Bonny Talal, Salama Khaled N
Electrical Engineering Program, King Abdullah University of Science and Technology, Thuwal, Kingdom of Saudi Arabia.
Annu Int Conf IEEE Eng Med Biol Soc. 2011;2011:928-31. doi: 10.1109/IEMBS.2011.6090209.

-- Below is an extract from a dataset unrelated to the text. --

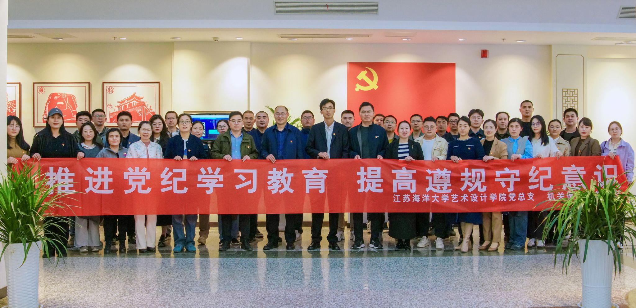 为深入学习贯彻习近平总书记关于党纪学习教育的重要指示精神,落实学校党委关于在全校党员干部中开展党纪学习教育实施方案,4月24日下午,艺术设计学院党总支、机关保卫处党支部赴海州区法纪教育基地联合开展了“推进党纪学习教育,提高遵规守纪意识”党纪教育主题党日活动,艺术设计学院教师党员、研究生党员、保卫处教师党员等40余人参加。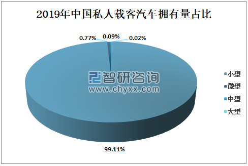 2019年中国私人载客汽车拥有量20710.58万辆,其中小型汽车拥有量20527.27万辆,占私人载客汽车拥有量的99.11%;微型汽车拥有量160.11万辆,占私人载客汽车拥有量的0.77%;中型汽车拥有量18.99万辆,占私人载客汽车拥有量的0.09%;大型汽车拥有量4.21万辆,占私人载客汽车拥有量的0.02。

Sequence alignment is an essential tool in almost any computational biology research. It processes large database sequences and considered to be high consumers of computation time. Heuristic algorithms are used to get approximate but fast results. We introduce fast alignment algorithm, called 'Alignment By Scanning' (ABS), to provide an approximate alignment of two DNA sequences. We compare our algorithm with the well-known alignment algorithms, the 'FASTA' (which is heuristic) and the 'Needleman-Wunsch' (which is optimal). The proposed algorithm achieves up to 76% enhancement in alignment score when it is compared with the FASTA Algorithm. The evaluations are conducted using different lengths of DNA sequences.
序列比对几乎是所有计算生物学研究中的一项重要工具。它处理大型数据库序列,被认为是计算时间的高消耗者。启发式算法用于获得近似但快速的结果。我们引入了一种名为“扫描比对”(ABS)的快速比对算法,以提供两条DNA序列的近似比对。我们将我们的算法与著名的比对算法“FASTA”(启发式)和“Needleman-Wunsch”(最优)进行了比较。与FASTA算法相比,所提出的算法在比对得分上提高了高达76%。评估是使用不同长度的DNA序列进行的。